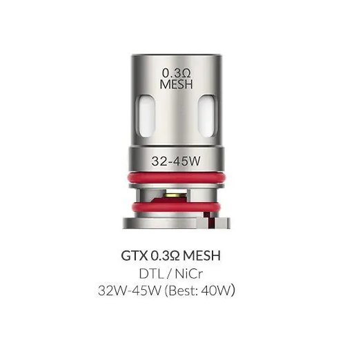 - GTX 0.3 ohm Mesh Coil, para uso entre 32 – 45 watts de potencia.
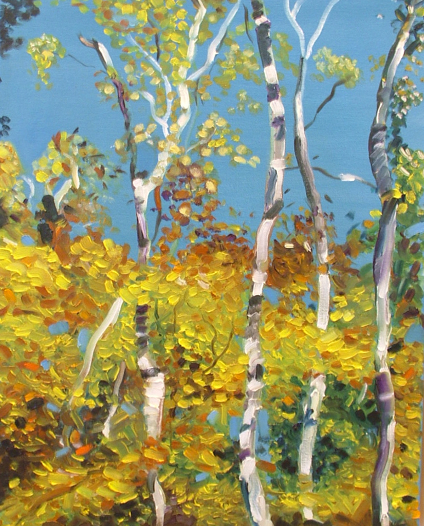 Abstract, berkenbomen in de Muskoka's, niet ver van mijn vorige woonplaats in Canada. Nat in nat geschilderd als compositie in de Canadese stijl.
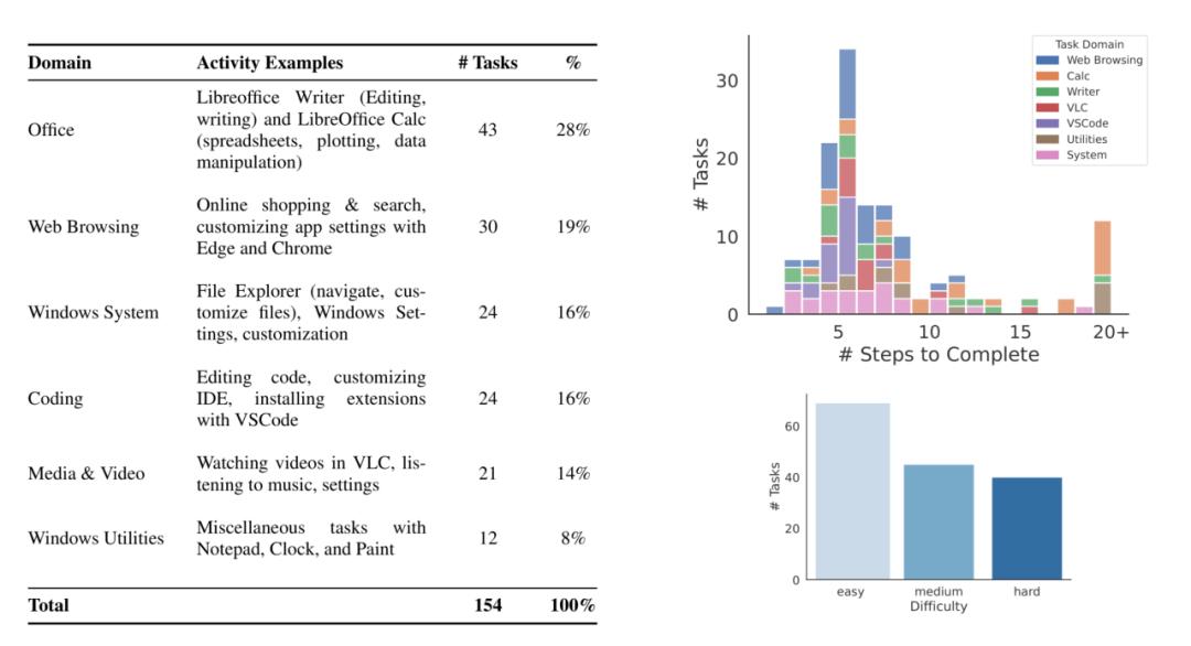 我们提出的 WAA 将进一步扩展 OS World 提出的 Benchmark。由于 OS World 主要包含 Linux 系统的任务,而缺乏 windows 平台上的任务,我们针对 Windows 平台上的任务进行了扩展。我们一共设置了 154 个用户在 Windows 上日常会涉及到的任务,包括浏览器、文档管理器、视频播放、编写代码和常用的应用程序(记事本、画图、文件浏览器、时钟和设置)等。

* * * *

[Aim of the task] Each line of the listing above must be given again exactly; the pictures are to be left out.

[Worked solution]
 - GTX 0.3 ohm Mesh Coil, para uso entre 32 – 45 watts de potencia.
 Abstract, berkenbomen in de Muskoka's, niet ver van mijn vorige woonplaats in Canada. Nat in nat geschilderd als compositie in de Canadese stijl.
 我们提出的 WAA 将进一步扩展 OS World 提出的 Benchmark。由于 OS World 主要包含 Linux 系统的任务,而缺乏 windows 平台上的任务,我们针对 Windows 平台上的任务进行了扩展。我们一共设置了 154 个用户在 Windows 上日常会涉及到的任务,包括浏览器、文档管理器、视频播放、编写代码和常用的应用程序(记事本、画图、文件浏览器、时钟和设置)等。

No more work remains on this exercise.